As described above, two different PN sequences are orthogonal with each other; i.e., the product of the different PN sequences becomes “0.” Therefore, when, for example, a spread code sequence acquisition unit 35 supplies the PN sequence of the light emission section 1 to the corresponding multiplier 36, the product of the supplied PN sequence and a detection signal (among the detection signals output from the AD converter 32) other than the detection signal corresponding to the near infrared low coherent light beam output from the specific light generation unit 10 becomes “0.” Therefore, the value obtained through accumulation by the accumulator 37 over at least one period of the PN sequence becomes “0,” and the correlation becomes “0.” Thus, a detection signal which does not have the PN sequence supplied from the spread code sequence acquisition unit 35 (or a detection signal which does not match the PN sequence); i.e., the measurement light ray derived from the near infrared low coherent light beam output from a light generation unit other than the specific light generation unit 10 is selectively eliminated; and only the detection signal corresponding to the measurement light ray derived from the near infrared low coherent light beam output from the specific light generation unit 10 is output to the computation unit 33.

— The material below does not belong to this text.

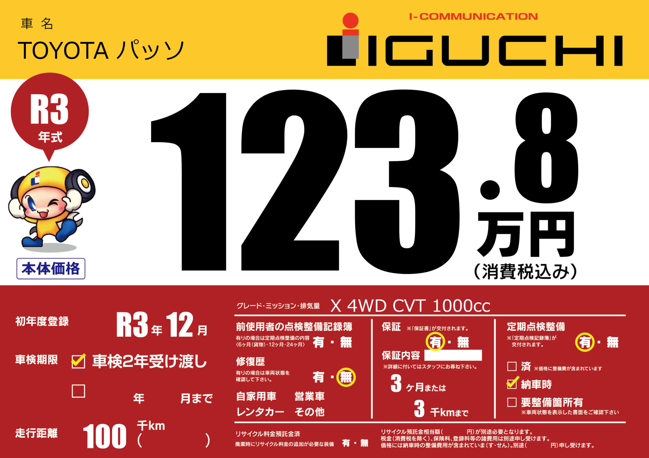 保証付き 保証内容(---) 3ヶ月または(3)千kmまで |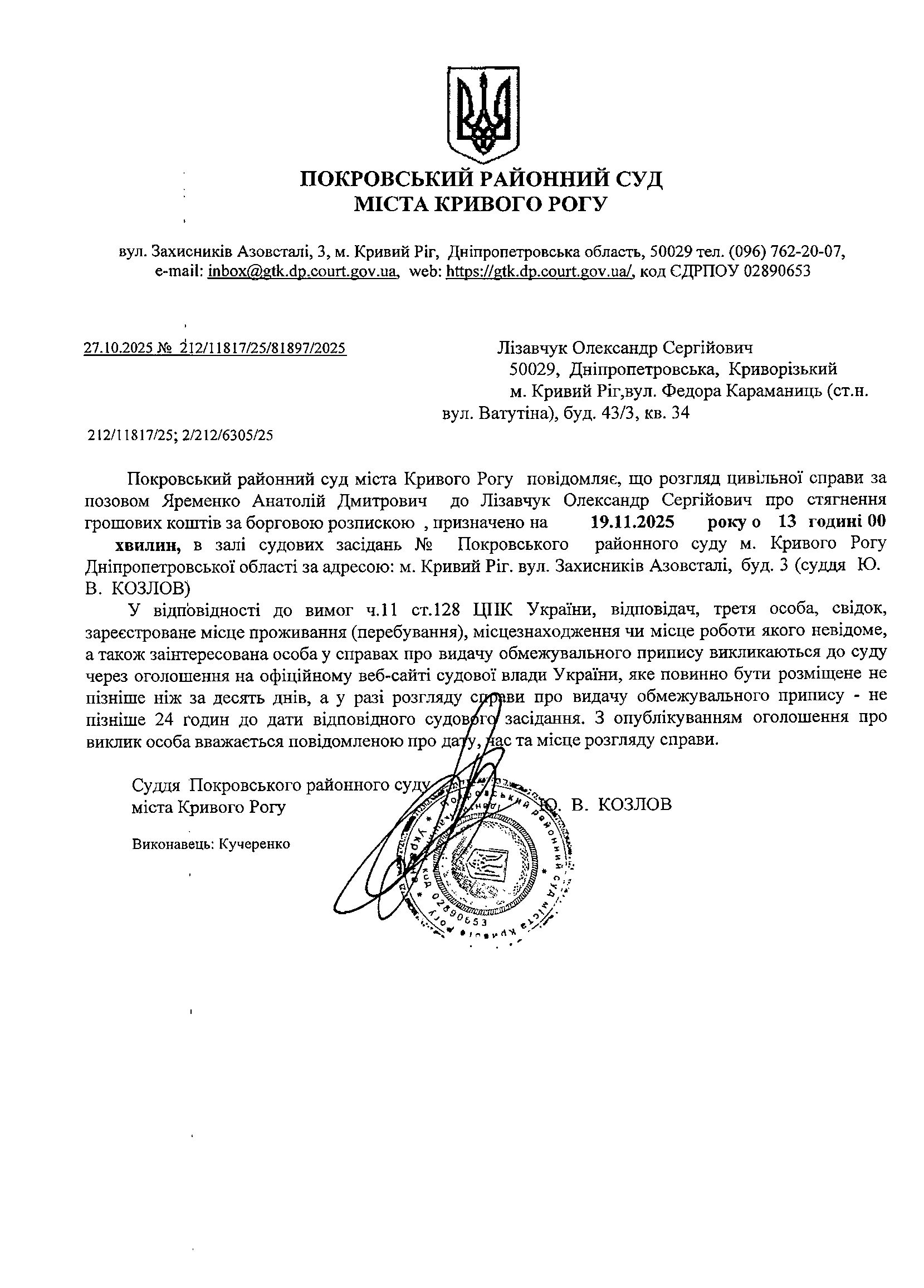 Оголошення про виклик до суду Лізавчука Олександра Сергійовича

In the second embodiment as well, the movable mirror 22 is moved so as to gradually change the position of the reflection surface of the measurement light in the profile direction of the eyeground. Through this operation, as in the first embodiment, the computation unit 33 calculates the profile of the eyeground by use of the quantity distribution of the measurement light at the reflection surface, and outputs to the image-processing unit 34 a profile signal representing the calculated profile of the eyeground. Moreover, as in the first embodiment, through use of the selectively obtained detection signals corresponding to the near infrared low coherent light beams of 830 nm and 780 nm, the computation unit 33 calculates the oxygen saturation SO2 in accordance with the above-described Eqs. 1 to 6, and outputs to the image-processing unit 34 an oxygen saturation signal representing the calculated oxygen saturation SO2. Thus, as in the first embodiment, the display section 4 displays the profile of the eyeground and the oxygen saturation of the eyeground individually or in a composed or mixed manner.

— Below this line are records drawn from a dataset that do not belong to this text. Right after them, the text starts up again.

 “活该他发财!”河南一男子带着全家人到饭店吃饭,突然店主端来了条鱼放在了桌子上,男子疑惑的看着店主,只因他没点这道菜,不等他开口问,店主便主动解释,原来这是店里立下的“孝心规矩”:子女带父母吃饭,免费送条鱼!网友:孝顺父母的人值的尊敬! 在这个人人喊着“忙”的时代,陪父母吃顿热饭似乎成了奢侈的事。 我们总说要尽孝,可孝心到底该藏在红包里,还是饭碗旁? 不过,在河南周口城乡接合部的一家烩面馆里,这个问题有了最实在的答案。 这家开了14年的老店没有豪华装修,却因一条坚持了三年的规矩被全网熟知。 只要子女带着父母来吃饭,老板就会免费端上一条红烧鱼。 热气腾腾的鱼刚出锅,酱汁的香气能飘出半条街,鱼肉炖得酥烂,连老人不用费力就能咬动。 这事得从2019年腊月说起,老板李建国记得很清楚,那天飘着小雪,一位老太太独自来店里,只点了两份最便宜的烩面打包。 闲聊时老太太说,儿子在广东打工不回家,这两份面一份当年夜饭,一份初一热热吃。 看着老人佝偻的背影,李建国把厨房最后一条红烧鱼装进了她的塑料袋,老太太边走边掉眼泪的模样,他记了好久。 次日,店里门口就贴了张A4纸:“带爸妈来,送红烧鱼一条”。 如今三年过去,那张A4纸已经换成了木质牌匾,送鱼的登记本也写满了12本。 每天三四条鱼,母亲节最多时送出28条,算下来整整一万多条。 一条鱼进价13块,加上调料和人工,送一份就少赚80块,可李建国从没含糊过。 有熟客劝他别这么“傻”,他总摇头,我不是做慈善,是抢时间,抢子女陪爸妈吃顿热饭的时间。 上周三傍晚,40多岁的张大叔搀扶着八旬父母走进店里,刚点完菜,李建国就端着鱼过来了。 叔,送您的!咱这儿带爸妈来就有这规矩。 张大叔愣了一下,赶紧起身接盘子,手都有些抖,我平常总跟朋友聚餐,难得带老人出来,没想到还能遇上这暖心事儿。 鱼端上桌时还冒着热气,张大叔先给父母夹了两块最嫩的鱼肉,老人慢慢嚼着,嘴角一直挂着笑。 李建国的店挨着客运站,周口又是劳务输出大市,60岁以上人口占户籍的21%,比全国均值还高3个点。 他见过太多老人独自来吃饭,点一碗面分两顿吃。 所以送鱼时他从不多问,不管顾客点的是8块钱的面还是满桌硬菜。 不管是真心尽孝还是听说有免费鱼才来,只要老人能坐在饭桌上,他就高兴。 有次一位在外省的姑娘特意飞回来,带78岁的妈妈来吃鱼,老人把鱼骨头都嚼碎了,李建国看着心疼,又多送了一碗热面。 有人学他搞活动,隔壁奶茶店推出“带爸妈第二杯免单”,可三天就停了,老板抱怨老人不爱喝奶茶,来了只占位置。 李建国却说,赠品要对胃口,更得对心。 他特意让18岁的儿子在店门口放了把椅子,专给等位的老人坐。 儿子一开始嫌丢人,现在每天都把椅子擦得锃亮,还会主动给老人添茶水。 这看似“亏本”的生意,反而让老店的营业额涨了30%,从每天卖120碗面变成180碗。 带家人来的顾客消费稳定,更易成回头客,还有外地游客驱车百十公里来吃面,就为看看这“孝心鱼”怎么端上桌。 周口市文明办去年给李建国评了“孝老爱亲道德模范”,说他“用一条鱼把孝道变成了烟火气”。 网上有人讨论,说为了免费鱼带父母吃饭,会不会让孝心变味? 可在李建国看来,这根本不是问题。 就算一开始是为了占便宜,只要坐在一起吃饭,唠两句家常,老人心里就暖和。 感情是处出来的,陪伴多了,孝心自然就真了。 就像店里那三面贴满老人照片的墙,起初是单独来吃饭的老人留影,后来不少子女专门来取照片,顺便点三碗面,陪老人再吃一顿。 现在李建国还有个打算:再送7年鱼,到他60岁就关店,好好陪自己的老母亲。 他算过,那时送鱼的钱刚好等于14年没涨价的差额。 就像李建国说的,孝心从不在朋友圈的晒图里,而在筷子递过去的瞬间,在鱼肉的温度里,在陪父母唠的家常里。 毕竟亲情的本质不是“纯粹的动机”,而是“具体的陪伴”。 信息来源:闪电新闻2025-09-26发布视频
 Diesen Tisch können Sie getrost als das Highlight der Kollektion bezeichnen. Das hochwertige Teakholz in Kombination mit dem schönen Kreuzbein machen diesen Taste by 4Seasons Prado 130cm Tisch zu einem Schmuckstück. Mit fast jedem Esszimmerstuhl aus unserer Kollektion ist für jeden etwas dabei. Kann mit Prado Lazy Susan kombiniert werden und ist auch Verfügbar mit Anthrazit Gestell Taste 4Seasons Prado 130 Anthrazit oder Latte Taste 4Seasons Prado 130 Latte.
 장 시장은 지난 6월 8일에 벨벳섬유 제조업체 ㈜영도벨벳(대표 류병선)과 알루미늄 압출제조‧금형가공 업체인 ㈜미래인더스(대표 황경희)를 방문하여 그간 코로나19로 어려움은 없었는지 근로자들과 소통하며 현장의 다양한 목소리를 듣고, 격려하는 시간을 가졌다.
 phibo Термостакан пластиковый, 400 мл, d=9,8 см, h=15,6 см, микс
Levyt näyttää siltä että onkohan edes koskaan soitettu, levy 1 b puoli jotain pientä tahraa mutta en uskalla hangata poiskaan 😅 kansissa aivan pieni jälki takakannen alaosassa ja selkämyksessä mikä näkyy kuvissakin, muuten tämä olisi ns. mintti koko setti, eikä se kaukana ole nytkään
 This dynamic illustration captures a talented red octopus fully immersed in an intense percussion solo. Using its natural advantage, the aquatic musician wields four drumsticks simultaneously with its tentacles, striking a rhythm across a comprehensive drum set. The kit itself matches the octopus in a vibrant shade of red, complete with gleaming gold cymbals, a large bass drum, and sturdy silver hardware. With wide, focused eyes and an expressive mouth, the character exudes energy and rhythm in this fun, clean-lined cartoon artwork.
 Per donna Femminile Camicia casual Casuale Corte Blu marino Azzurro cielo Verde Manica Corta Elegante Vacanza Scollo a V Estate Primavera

As can be understood from the above description, the optical coherence tomograph S according to the second embodiment has advantageous effects similar to those attained in the first embodiment. Moreover, through simultaneous emission of two near infrared low coherent light beams having different wavelengths, change in oxygen saturation can be calculated more exactly. That is, although change in oxygen saturation with time is relatively slow, strictly speaking, it changes with time. In contrast, in the case where two near infrared low coherent light beams having different wavelengths are output simultaneously, measurement light rays which reflect the oxygen saturation at the same point in time reach the light detection section 3. Therefore, the oxygen saturation at the instantaneous time can be well calculated, and change in the oxygen saturation with elapse of time can be calculated quite accurately.

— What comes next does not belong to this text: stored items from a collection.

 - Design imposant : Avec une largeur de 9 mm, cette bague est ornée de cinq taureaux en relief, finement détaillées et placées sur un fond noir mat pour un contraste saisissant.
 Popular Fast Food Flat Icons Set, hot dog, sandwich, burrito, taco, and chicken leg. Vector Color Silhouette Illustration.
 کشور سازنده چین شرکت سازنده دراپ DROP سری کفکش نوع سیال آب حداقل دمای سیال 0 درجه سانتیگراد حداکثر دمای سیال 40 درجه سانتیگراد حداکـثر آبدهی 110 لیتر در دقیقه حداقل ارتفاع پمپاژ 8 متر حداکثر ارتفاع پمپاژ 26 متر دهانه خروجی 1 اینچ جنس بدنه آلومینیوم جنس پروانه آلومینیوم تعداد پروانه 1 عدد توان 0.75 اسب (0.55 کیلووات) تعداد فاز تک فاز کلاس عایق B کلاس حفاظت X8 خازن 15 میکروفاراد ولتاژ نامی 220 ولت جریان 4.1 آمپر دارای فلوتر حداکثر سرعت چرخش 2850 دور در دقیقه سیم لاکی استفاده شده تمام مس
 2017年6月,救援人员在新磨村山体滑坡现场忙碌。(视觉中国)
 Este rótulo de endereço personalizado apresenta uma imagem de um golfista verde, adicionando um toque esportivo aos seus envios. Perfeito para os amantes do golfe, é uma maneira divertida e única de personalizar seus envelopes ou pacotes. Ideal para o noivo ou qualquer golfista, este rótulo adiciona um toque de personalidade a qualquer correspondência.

In the second embodiment, secondary drive signals are generated through spread spectrum modulation of primary drive signals; i.e., drive signals supplied from the controller 5, whereby two near infrared low coherent light beams are output without interfering with each other. However, the second embodiment may be modified so as to generate the secondary drive signals through FDMA (frequency division multiple access) modulation of the primary drive signals supplied from the controller 5 to prevent the interference between the two near infrared low coherent light beams. In this case, the spread code sequence generators 13 and the multipliers 14 of the light emission section 1 of the second embodiment are removed, and an FDMA modulator is provided. Moreover, in this case, the spread code sequence acquisition units 35, the multipliers 36, and the accumulators 37 of the light detection section 3 of the second embodiment are removed, and a demodulator is provided. Notably, operation of the FDMA modulator will not be described in detail, because modulation processing and demodulation processing can be performed by use of widely known conventional methods.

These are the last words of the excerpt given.